Et voici un extrait du India Cable, où un expulsé décrit son voyage de retour en Inde :
« Pendant 40 heures, nous avons été menottés, les pieds attachés par des chaînes et nous n’étions pas autorisés à bouger d’un pouce de nos sièges… l’équipage ouvrait la porte et nous poussait à l’intérieur des toilettes. »
La clé ? Se faire des ennemis dans le monde entier. Et s’étendre. Les troupes américaines sont déjà stationnées dans 800 bases (dont certaines sont secrètes) à l’étranger. Et chaque jour vient avec son lot de menaces pour une prochaine cible – Canada, Mexique, Groenland, Panama, Gaza.

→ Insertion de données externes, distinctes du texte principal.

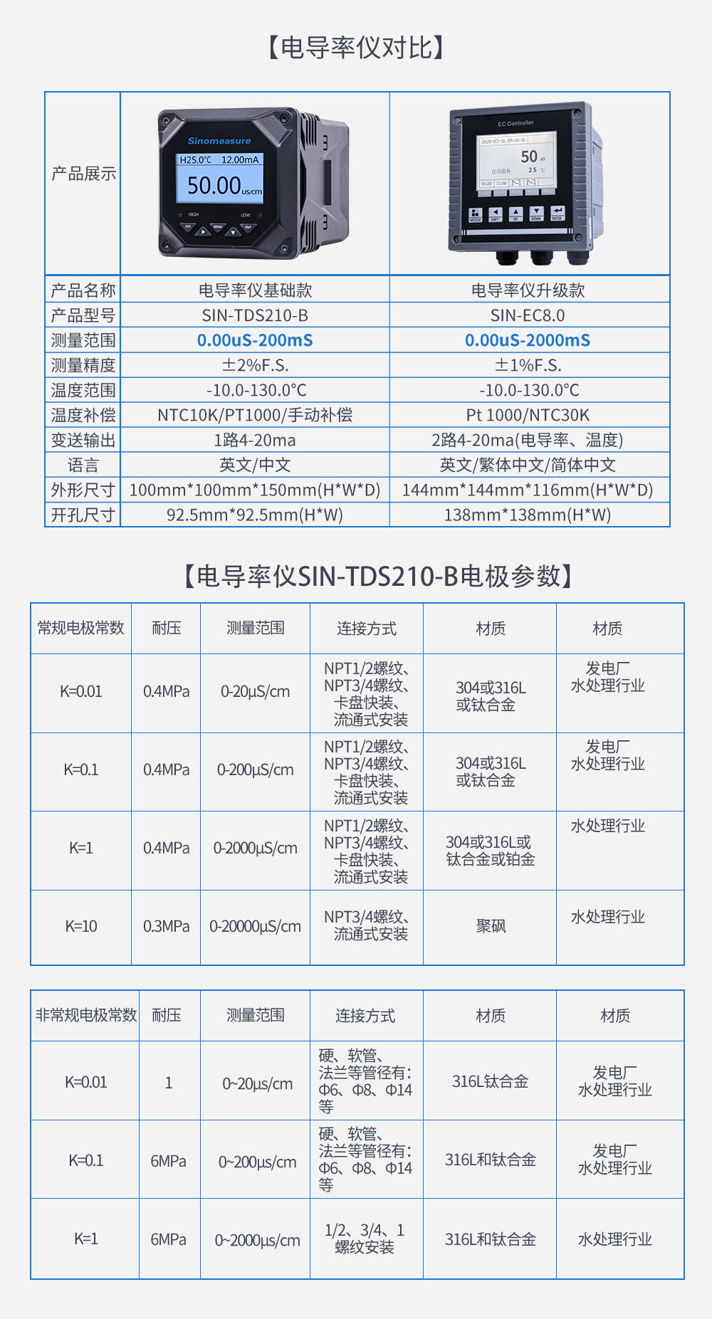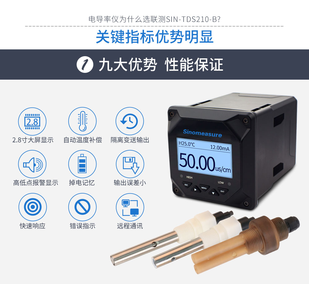 SIN-TDS210工業電導率儀表,可對各種工業用水的電導率(TDS)值進行連續測量和控制,本裝置廣泛應用于科學實驗裝備、化工、制藥、環保、冶金、造紙、食品、飲料及供水等行業。根據水工業的環境和特點結合國際供電標準,考慮了特殊環境的電氣設計規范,增加了220VAC供電。
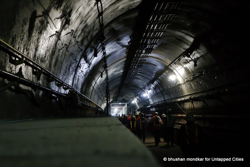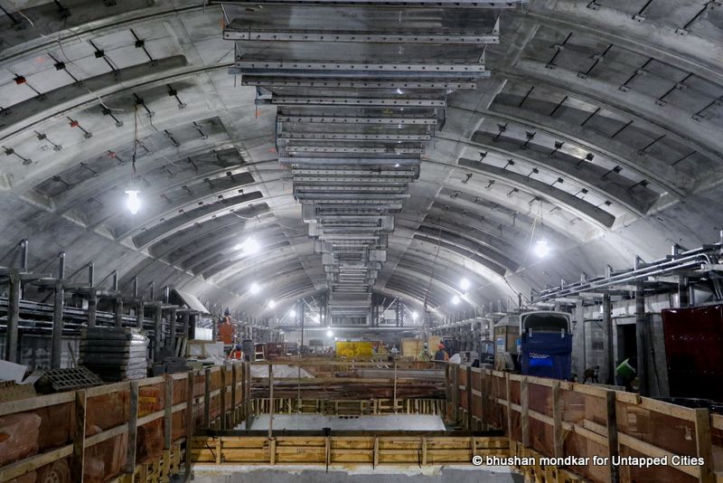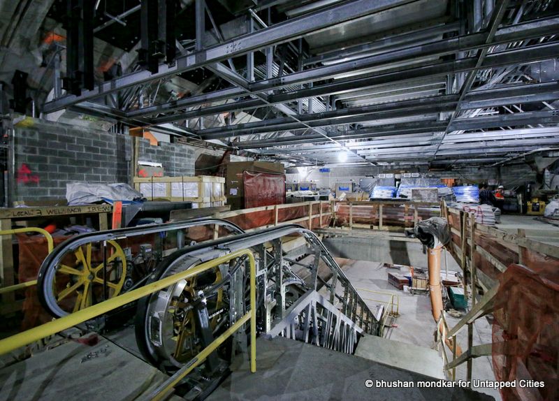 The massive tunnel slopes from the street level to the mezzanine level and will house three escalators
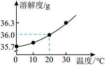 (2)用化学知识能很好地解释古人的制盐工艺。图为氯化钠的溶解度曲线,20℃时氯化钠的溶解度为______g。此温度下,将9g氯化钠溶解到25g水中,可配得氯化钠的_______(填“饱和”或“不饱和”)溶液;保持温度不变,蒸发部分溶剂,该溶液溶质的质量分数_______(填“变大”“不变”或“变小”)。

Mais même avec Trump à la barre, les « U(RS)SA » ont probablement encore quelques bonnes années devant eux avant de couler. Que doit-il faire ? Quel cap doit-il prendre ? L’historien Paul Kennedy nous explique son défi actuel :
« La tâche des hommes d’Etat américains au cours des prochaines décennies consiste à reconnaître que de grandes tendances sont en cours et qu’il est nécessaire de ‘gérer’ les affaires de manière à ce que l’érosion relative de la position des Etats-Unis se fasse lentement et en douceur, et ne soit pas accélérée par des politiques qui n’apportent qu’un avantage à court terme mais un désavantage à plus long terme. »

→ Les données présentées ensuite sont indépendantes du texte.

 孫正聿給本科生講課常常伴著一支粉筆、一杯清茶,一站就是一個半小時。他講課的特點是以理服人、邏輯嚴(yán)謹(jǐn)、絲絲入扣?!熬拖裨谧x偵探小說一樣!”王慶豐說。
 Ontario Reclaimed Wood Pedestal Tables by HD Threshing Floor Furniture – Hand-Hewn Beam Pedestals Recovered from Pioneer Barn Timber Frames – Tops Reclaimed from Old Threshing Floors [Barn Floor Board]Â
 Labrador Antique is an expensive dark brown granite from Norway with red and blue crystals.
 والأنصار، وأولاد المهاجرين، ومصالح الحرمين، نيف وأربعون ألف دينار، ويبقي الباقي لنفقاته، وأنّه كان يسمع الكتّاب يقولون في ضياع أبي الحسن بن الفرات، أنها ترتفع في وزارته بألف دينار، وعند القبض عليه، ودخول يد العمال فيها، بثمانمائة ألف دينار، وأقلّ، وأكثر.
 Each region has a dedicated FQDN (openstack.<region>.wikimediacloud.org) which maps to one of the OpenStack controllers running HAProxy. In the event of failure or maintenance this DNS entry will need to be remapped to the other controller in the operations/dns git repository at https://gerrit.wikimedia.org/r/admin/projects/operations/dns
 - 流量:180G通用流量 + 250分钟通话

Un véritable programme visant à privilégier « les Etats-Unis d’abord » pourrait probablement garantir un avenir harmonieux, pacifique et civilisé pour le pays. Oui, les Etats-Unis pourraient gérer leurs ressources avec calme et prudence. Ils pourraient réduire leurs dépenses actuelles de 2 000 milliards de dollars en revenant aux niveaux de 2019, et équilibrer leur budget. Ils pourraient cesser de tenter de diriger le monde, et ramener ainsi leurs troupes à la maison.

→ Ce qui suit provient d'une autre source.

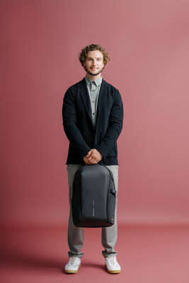 The Bizz Backpack is perfect for daily carry and light travel. The backpack features a 180-degree opening main compartment with an expandable section, internal mesh pockets, an integrated tech pouch and a detachable key leash. The rear pocket is protected with a waterproof zipper and features a padded sleeve for up to a 16” laptop. External easy access pockets are abundant including a high capacity water bottle pocket with a magnetic closure. The backpack is water-resistant and produced with recycled materials. Made from R-pet fabric with the AWARE™ tracer. With AWARE™, the use of genuine recycled fabric is guaranteed. 27% recycled content. Registered design®
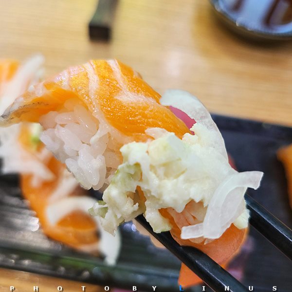 연어초밥도 양념과 양파의 맛과 잘 어우러진다.
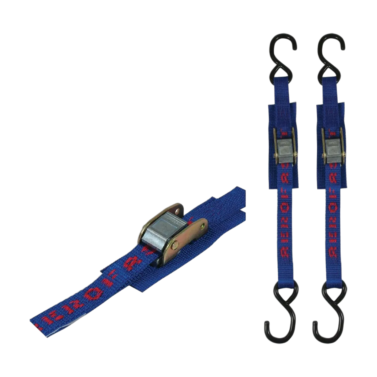• Pair of 25mm x 1.8m webbing tie downs with black plastic coated ‘S’ hook both ends
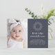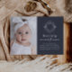 Una primera invitación de cumpleaños con un contorno solar y una tipografía de "primer viaje alrededor del sol", además de tu propia foto. El reverso presenta un fondo marino con un patrón de estrella y luna. ¡Ideal para la fiesta de cumpleaños número 1 de tu pequeña!
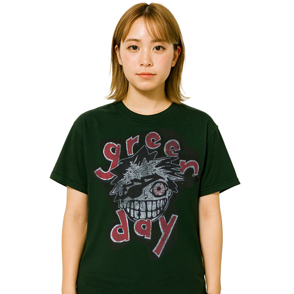 パンクロックの象徴、Green Dayのアートワークを大胆にあしらったユニセックスTシャツ。
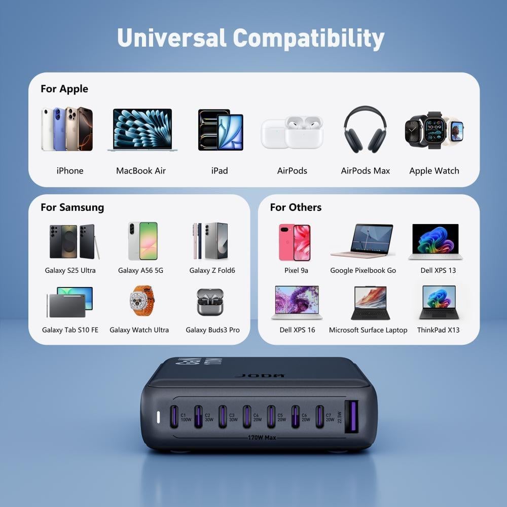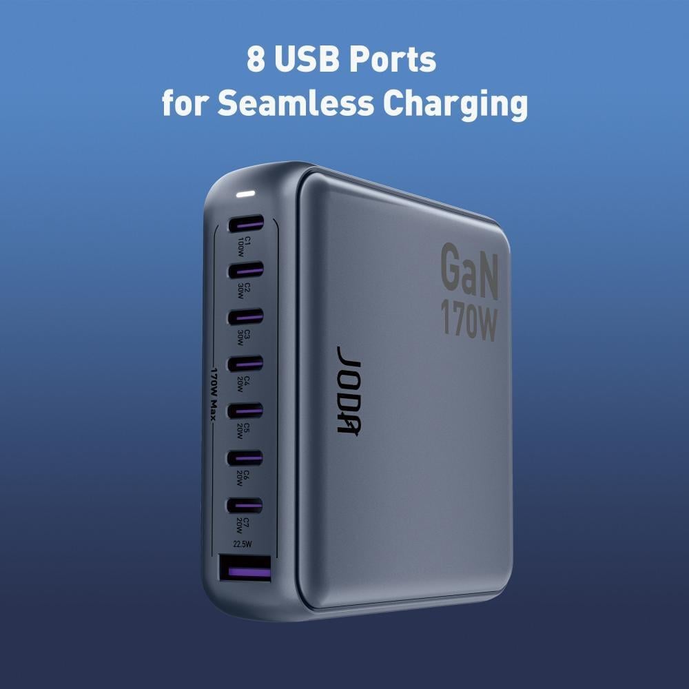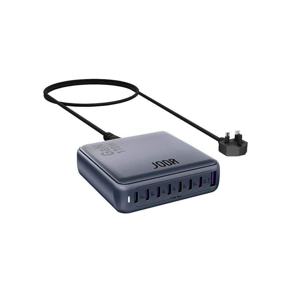 اجعل عملية شحن أجهزتك أسرع وأكثر ذكاءً مع منصة الشحن متعددة المنافذ من JODA بقوة 170 واط.

Ou bien, ils pourraient suivre le chemin bien tracé qui les mène tout droit vers la forêt de Teutobourg.
2 commentaires
Il est impossible de dire si Trump est une solution pour les USA. On verra si oui ou non, et dans quelle mesure, dans quelques années. Mais ce qui est certain c’est que les USA et l’Occident en général, Europe en tête, doivent cesser de se prendre pour le centre du monde comme ils l’ont cru pendant deux siècles et encore à l’époque de Colin Powell ( 1937-2021) lequel affirmait à propos des USA « Nous représentons le dernier et le meilleur espoir sur cette planète ». Tant que les Occidentaux mondialiseront en se croyant plus « éclairés » que le monde entier ils susciteront des haines et iront à la catastrophe.
Les USA dispose d’une bonne marge « technologique », à preuve les réussites dans ce domaine et la maitrise relative d’internet. Même leur démographie reste dynamique, ce qui n’est pas le cas de l’Europe, Russie comprise, et « on » se massacre !!! Trump est, pour l’Europe, une bonne nouvelle politique, pas économique, mais qu’importe la politique doit passer devant. Les diverses « luttes » post marxistes doivent cesser.